Can interventions affect commitment demand? A field experiment on food choice
Sally Sadoff and
Journal of Economic Behavior & Organization, 2019, vol. 158, issue C, 90-109
Despite a growing literature examining the use of commitment devices to address self-control problems, little is known about the mechanisms driving commitment demand. In a field experiment among participants of a food delivery program, we test the impact of two interventions on food choice and commitment demand: 1) providing information and 2) additionally providing experience with a commitment device that restricts participants to choosing healthy foods. We find that both interventions significantly increase short-term healthy food choices compared to a no intervention control group. A month after we implement the interventions, we offer all participants the opportunity to take up the commitment device restricting themselves to healthy foods. Both interventions double Post-Treatment commitment demand, with larger and more robust effects in the experience treatment.

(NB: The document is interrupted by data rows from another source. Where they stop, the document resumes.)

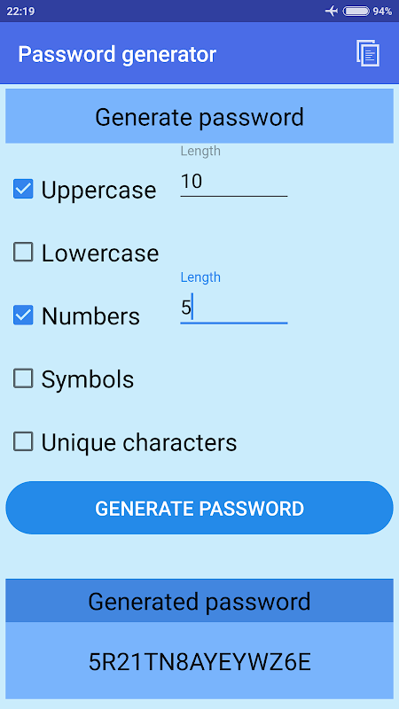 ด้วยแอปฟรีนี้ คุณสามารถสร้างรหัสผ่านที่คาดเดายากได้ คุณสามารถเลือกได้ว่าต้องการตัวพิมพ์ใหญ่ ตัวพิมพ์เล็ก ตัวเลข สัญลักษณ์ ความยาวของแต่ละรายการ และหากคุณต้องการให้รหัสผ่านมีอักขระที่ไม่ซ้ำกันหรือไม่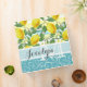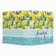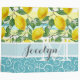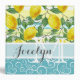 Beautiful contemporary aqua turquoise blue, green, yellow and orange lemon fruit pattern on striped watercolor background. With room to customize or personalize with name, monogram or initials of your choice. Ornate, funky, modern and whimsical hipster design for the artistic fashionista or artsy fashion diva, hip trendsetter, vintage retro watercolor painting art style or abstract motif lover.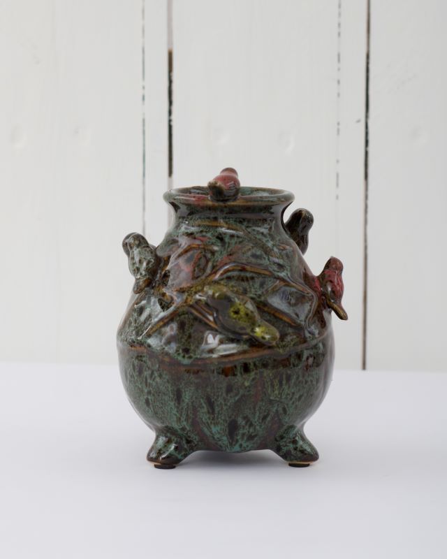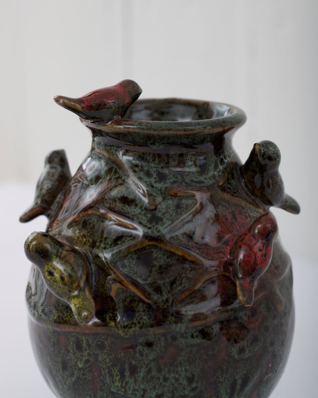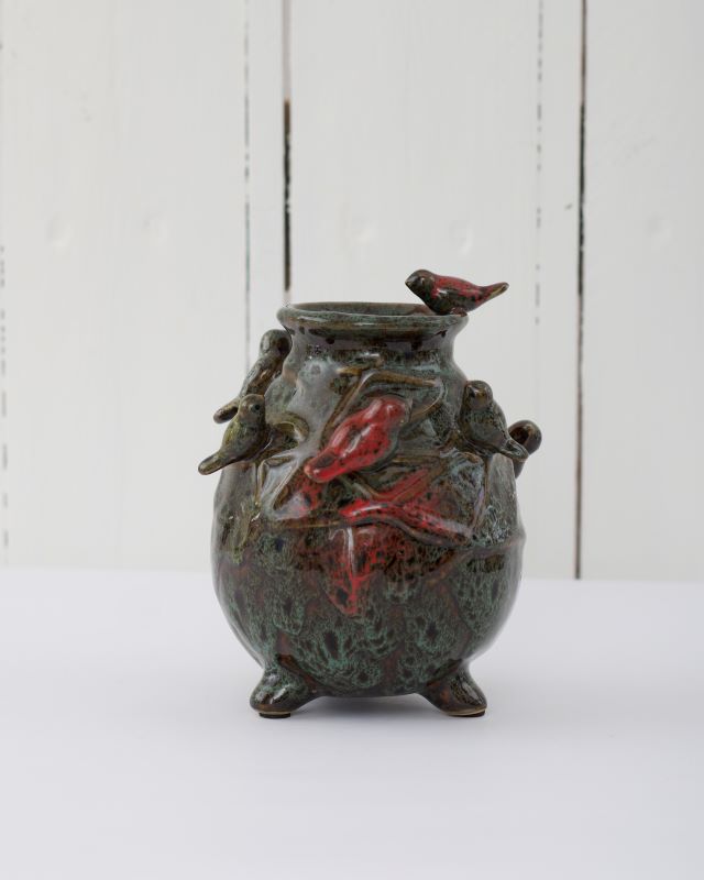 Ceramiczny, maleńki wazonik z ptaszkami. U podstawy dodatkowo znajdują się trzy nóżki. Stan bardzo ładny.

To address concerns about the welfare impacts of our interventions, we examine participants’ satisfaction with their food selections, and find no evidence that restricting choice decreases participants’ welfare. Our work suggests that a substantial fraction of people are naive about the benefits of commitment devices, and there is scope for policy interventions to increase commitment demand.
Keywords: Commitment demand; Field experiment; Food choice (search for similar items in EconPapers)
JEL-codes: C91 D12 D81 (search for similar items in EconPapers)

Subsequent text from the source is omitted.